_Work required_. Which lines run from the one containing "在宣城市宣州区杨柳镇新龙村粮" through the end of the material? Transcribe them word for word, and only them.
━━ Material for the task
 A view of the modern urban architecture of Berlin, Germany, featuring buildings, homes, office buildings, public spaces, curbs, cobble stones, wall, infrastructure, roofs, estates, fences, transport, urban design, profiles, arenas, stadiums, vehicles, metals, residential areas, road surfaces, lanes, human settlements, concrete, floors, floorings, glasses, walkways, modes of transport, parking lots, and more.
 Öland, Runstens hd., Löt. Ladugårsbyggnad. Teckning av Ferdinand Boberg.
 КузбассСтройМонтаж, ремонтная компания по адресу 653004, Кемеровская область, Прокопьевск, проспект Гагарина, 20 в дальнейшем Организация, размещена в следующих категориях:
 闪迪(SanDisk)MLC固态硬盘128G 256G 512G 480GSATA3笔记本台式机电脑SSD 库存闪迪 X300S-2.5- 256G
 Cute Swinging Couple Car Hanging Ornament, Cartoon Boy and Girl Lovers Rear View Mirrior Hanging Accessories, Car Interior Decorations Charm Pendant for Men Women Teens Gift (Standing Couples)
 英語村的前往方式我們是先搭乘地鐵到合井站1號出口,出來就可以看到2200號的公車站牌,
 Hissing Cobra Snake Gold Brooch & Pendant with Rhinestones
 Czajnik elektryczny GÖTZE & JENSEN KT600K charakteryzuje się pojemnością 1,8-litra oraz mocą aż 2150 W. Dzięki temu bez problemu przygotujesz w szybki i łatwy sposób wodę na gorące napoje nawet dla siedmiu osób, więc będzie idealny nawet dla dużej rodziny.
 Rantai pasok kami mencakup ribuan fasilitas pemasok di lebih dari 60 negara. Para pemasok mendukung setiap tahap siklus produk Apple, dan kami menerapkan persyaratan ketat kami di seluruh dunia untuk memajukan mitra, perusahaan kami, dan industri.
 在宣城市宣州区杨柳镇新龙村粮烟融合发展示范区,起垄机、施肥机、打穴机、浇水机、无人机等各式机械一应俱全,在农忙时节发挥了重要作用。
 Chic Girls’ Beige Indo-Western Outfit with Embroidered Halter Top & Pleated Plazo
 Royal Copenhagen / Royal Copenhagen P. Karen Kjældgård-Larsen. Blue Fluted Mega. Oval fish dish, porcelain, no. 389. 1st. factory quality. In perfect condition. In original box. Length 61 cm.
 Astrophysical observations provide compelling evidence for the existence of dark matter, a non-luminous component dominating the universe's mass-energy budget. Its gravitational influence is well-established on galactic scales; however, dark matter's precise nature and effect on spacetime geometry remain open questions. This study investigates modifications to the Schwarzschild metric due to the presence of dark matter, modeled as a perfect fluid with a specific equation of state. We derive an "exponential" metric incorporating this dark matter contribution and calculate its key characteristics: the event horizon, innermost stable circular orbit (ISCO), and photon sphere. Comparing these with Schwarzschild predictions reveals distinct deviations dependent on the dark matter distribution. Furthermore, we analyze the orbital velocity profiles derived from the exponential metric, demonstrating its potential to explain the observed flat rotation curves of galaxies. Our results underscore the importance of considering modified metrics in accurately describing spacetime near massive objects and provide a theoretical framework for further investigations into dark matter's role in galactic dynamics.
━━━━
_Your solution_.
 在宣城市宣州区杨柳镇新龙村粮烟融合发展示范区,起垄机、施肥机、打穴机、浇水机、无人机等各式机械一应俱全,在农忙时节发挥了重要作用。
 Chic Girls’ Beige Indo-Western Outfit with Embroidered Halter Top & Pleated Plazo
 Royal Copenhagen / Royal Copenhagen P. Karen Kjældgård-Larsen. Blue Fluted Mega. Oval fish dish, porcelain, no. 389. 1st. factory quality. In perfect condition. In original box. Length 61 cm.
 Astrophysical observations provide compelling evidence for the existence of dark matter, a non-luminous component dominating the universe's mass-energy budget. Its gravitational influence is well-established on galactic scales; however, dark matter's precise nature and effect on spacetime geometry remain open questions. This study investigates modifications to the Schwarzschild metric due to the presence of dark matter, modeled as a perfect fluid with a specific equation of state. We derive an "exponential" metric incorporating this dark matter contribution and calculate its key characteristics: the event horizon, innermost stable circular orbit (ISCO), and photon sphere. Comparing these with Schwarzschild predictions reveals distinct deviations dependent on the dark matter distribution. Furthermore, we analyze the orbital velocity profiles derived from the exponential metric, demonstrating its potential to explain the observed flat rotation curves of galaxies. Our results underscore the importance of considering modified metrics in accurately describing spacetime near massive objects and provide a theoretical framework for further investigations into dark matter's role in galactic dynamics.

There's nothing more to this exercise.